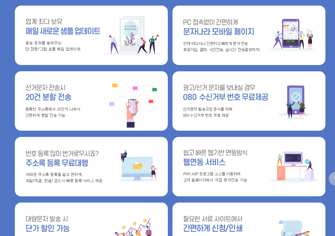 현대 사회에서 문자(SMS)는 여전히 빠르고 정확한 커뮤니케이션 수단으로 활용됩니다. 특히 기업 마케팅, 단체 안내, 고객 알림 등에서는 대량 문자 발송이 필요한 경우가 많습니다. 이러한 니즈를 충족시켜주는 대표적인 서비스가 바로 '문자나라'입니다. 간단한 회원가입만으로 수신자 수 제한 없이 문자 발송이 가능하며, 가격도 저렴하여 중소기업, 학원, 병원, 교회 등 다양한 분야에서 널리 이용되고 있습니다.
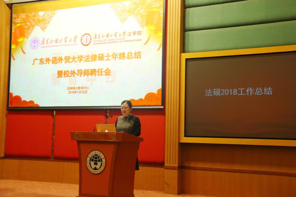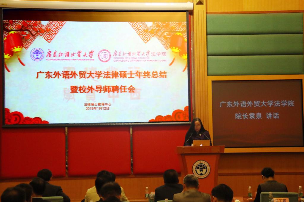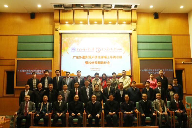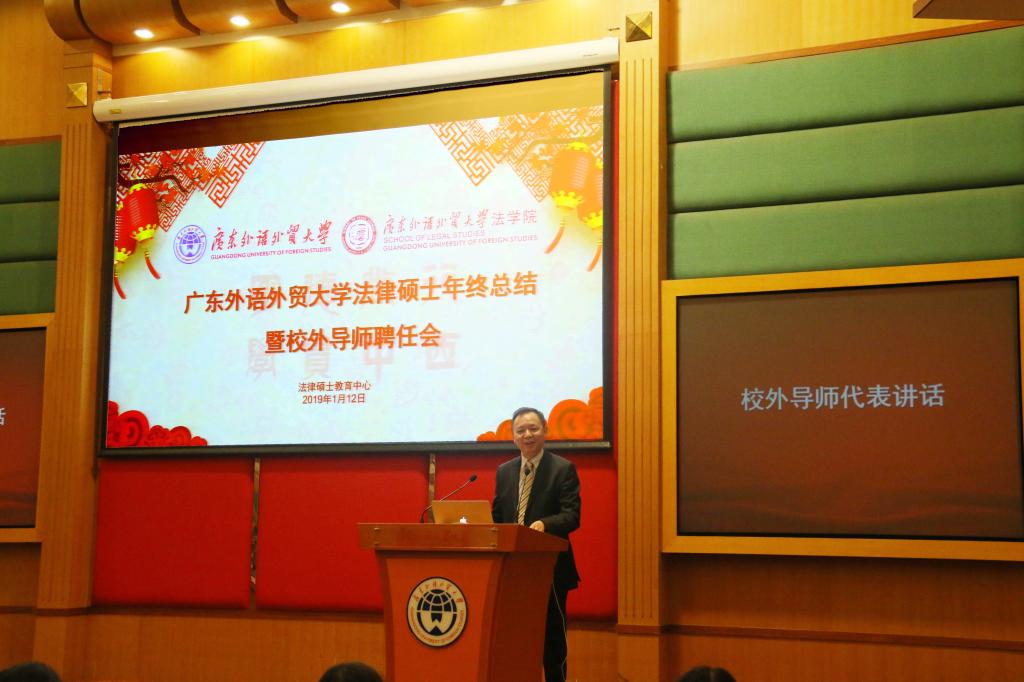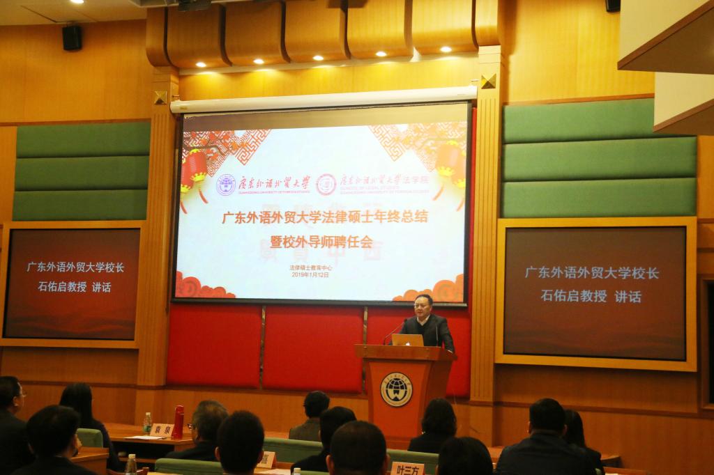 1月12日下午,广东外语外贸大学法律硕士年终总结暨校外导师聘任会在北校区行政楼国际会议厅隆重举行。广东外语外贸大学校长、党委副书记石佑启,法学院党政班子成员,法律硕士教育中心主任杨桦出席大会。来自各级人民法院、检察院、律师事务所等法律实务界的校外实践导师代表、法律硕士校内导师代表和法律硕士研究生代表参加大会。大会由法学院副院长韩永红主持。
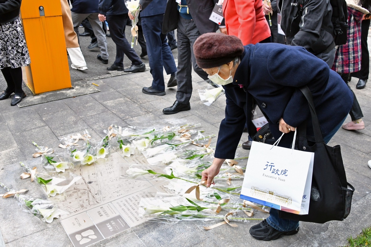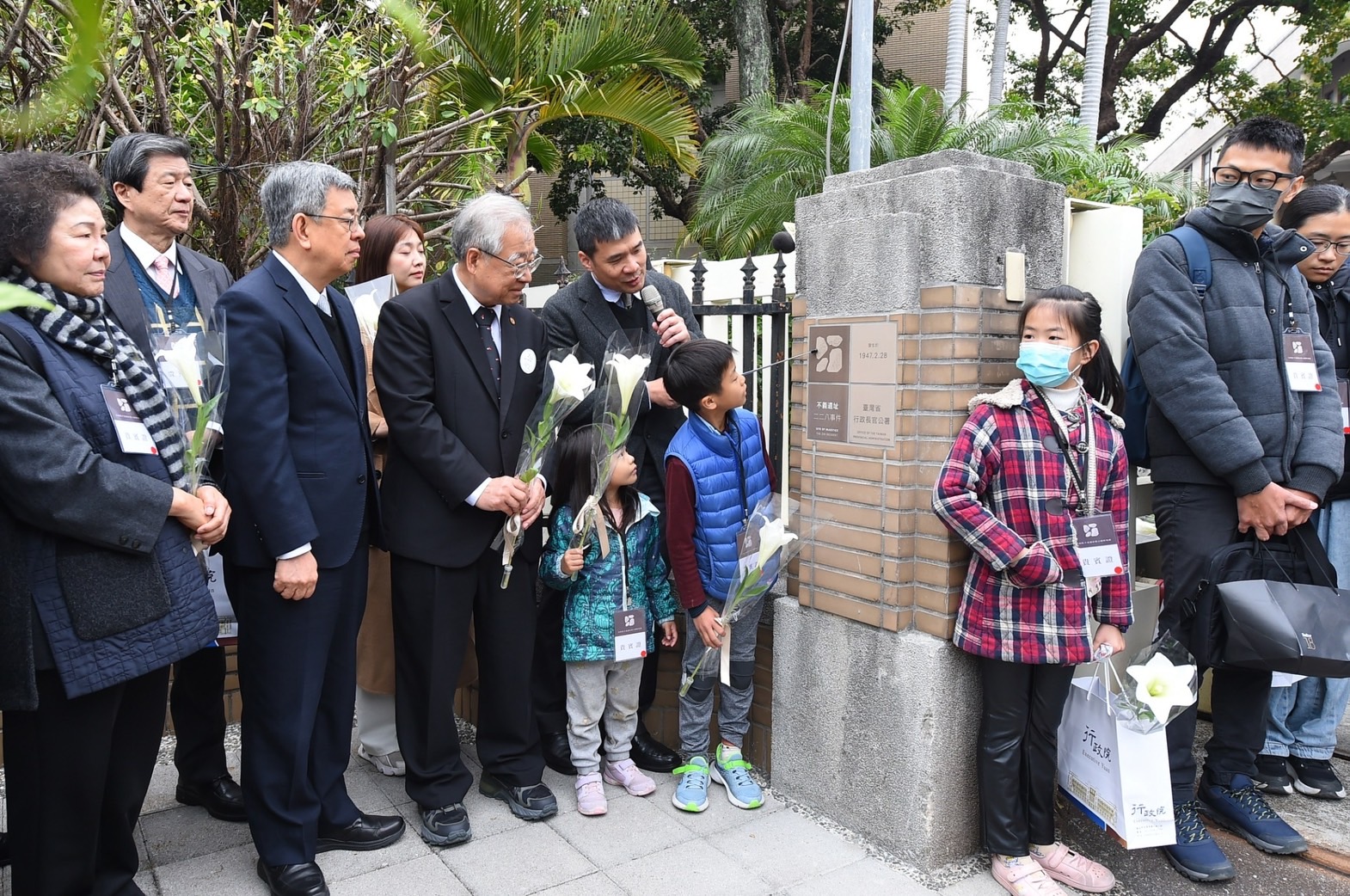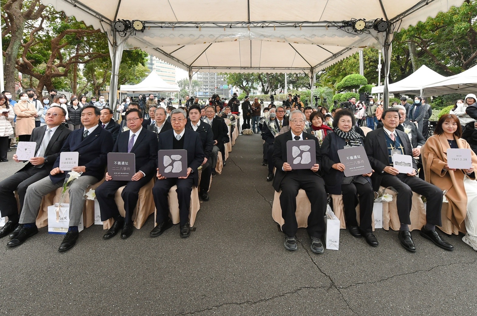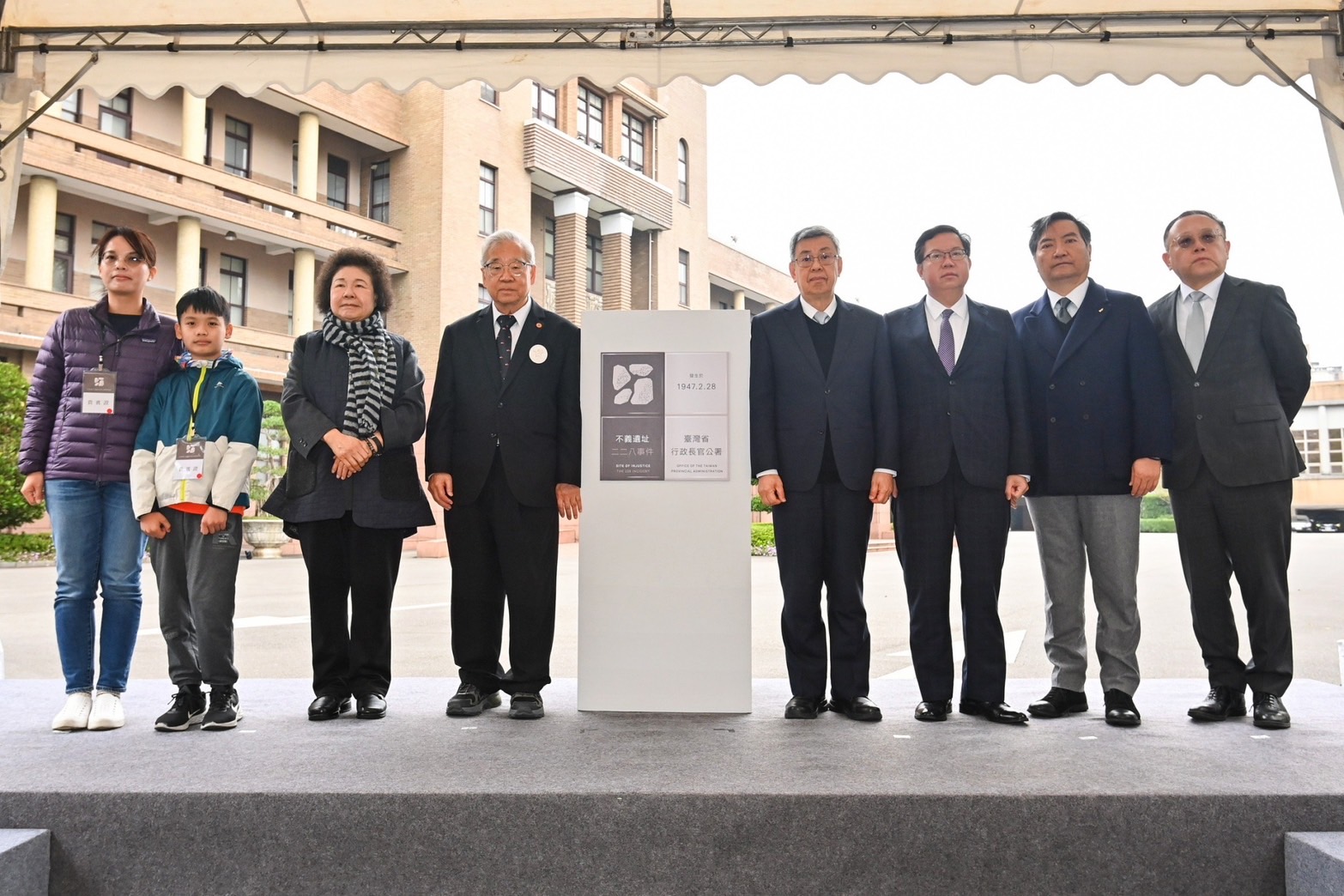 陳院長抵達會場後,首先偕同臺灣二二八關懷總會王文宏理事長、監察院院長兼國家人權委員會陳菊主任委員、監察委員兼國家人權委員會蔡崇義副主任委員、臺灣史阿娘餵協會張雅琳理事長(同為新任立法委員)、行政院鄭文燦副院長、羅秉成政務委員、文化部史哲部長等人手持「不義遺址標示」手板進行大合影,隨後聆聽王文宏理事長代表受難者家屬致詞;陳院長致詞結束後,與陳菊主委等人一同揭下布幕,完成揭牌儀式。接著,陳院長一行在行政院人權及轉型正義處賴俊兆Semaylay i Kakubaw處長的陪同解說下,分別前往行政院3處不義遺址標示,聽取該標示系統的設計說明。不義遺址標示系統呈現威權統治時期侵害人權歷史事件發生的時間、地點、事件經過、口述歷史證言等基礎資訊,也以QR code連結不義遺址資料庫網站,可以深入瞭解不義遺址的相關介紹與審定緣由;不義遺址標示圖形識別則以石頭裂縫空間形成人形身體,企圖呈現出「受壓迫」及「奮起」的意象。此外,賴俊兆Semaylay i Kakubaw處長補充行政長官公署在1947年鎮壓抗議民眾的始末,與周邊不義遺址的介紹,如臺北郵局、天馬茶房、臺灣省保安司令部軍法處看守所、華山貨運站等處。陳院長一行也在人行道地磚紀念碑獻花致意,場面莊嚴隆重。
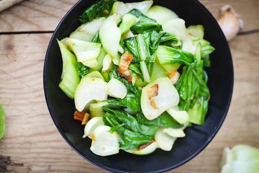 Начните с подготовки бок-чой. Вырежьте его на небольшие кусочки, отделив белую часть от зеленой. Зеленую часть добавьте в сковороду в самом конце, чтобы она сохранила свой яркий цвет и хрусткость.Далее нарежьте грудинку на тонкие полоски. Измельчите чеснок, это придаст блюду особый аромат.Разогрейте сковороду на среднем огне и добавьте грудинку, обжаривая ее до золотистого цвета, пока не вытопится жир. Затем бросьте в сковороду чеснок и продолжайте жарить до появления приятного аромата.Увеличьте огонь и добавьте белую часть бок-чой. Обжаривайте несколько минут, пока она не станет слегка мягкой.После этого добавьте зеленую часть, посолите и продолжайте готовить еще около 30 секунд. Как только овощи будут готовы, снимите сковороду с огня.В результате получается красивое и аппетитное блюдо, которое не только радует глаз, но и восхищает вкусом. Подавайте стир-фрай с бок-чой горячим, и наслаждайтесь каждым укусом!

**Problem description**
Write out the data above precisely. Pictures stay out.

**Answer to this problem**
 현대 사회에서 문자(SMS)는 여전히 빠르고 정확한 커뮤니케이션 수단으로 활용됩니다. 특히 기업 마케팅, 단체 안내, 고객 알림 등에서는 대량 문자 발송이 필요한 경우가 많습니다. 이러한 니즈를 충족시켜주는 대표적인 서비스가 바로 '문자나라'입니다. 간단한 회원가입만으로 수신자 수 제한 없이 문자 발송이 가능하며, 가격도 저렴하여 중소기업, 학원, 병원, 교회 등 다양한 분야에서 널리 이용되고 있습니다.
 1月12日下午,广东外语外贸大学法律硕士年终总结暨校外导师聘任会在北校区行政楼国际会议厅隆重举行。广东外语外贸大学校长、党委副书记石佑启,法学院党政班子成员,法律硕士教育中心主任杨桦出席大会。来自各级人民法院、检察院、律师事务所等法律实务界的校外实践导师代表、法律硕士校内导师代表和法律硕士研究生代表参加大会。大会由法学院副院长韩永红主持。
 陳院長抵達會場後,首先偕同臺灣二二八關懷總會王文宏理事長、監察院院長兼國家人權委員會陳菊主任委員、監察委員兼國家人權委員會蔡崇義副主任委員、臺灣史阿娘餵協會張雅琳理事長(同為新任立法委員)、行政院鄭文燦副院長、羅秉成政務委員、文化部史哲部長等人手持「不義遺址標示」手板進行大合影,隨後聆聽王文宏理事長代表受難者家屬致詞;陳院長致詞結束後,與陳菊主委等人一同揭下布幕,完成揭牌儀式。接著,陳院長一行在行政院人權及轉型正義處賴俊兆Semaylay i Kakubaw處長的陪同解說下,分別前往行政院3處不義遺址標示,聽取該標示系統的設計說明。不義遺址標示系統呈現威權統治時期侵害人權歷史事件發生的時間、地點、事件經過、口述歷史證言等基礎資訊,也以QR code連結不義遺址資料庫網站,可以深入瞭解不義遺址的相關介紹與審定緣由;不義遺址標示圖形識別則以石頭裂縫空間形成人形身體,企圖呈現出「受壓迫」及「奮起」的意象。此外,賴俊兆Semaylay i Kakubaw處長補充行政長官公署在1947年鎮壓抗議民眾的始末,與周邊不義遺址的介紹,如臺北郵局、天馬茶房、臺灣省保安司令部軍法處看守所、華山貨運站等處。陳院長一行也在人行道地磚紀念碑獻花致意,場面莊嚴隆重。
 Начните с подготовки бок-чой. Вырежьте его на небольшие кусочки, отделив белую часть от зеленой. Зеленую часть добавьте в сковороду в самом конце, чтобы она сохранила свой яркий цвет и хрусткость.Далее нарежьте грудинку на тонкие полоски. Измельчите чеснок, это придаст блюду особый аромат.Разогрейте сковороду на среднем огне и добавьте грудинку, обжаривая ее до золотистого цвета, пока не вытопится жир. Затем бросьте в сковороду чеснок и продолжайте жарить до появления приятного аромата.Увеличьте огонь и добавьте белую часть бок-чой. Обжаривайте несколько минут, пока она не станет слегка мягкой.После этого добавьте зеленую часть, посолите и продолжайте готовить еще около 30 секунд. Как только овощи будут готовы, снимите сковороду с огня.В результате получается красивое и аппетитное блюдо, которое не только радует глаз, но и восхищает вкусом. Подавайте стир-фрай с бок-чой горячим, и наслаждайтесь каждым укусом!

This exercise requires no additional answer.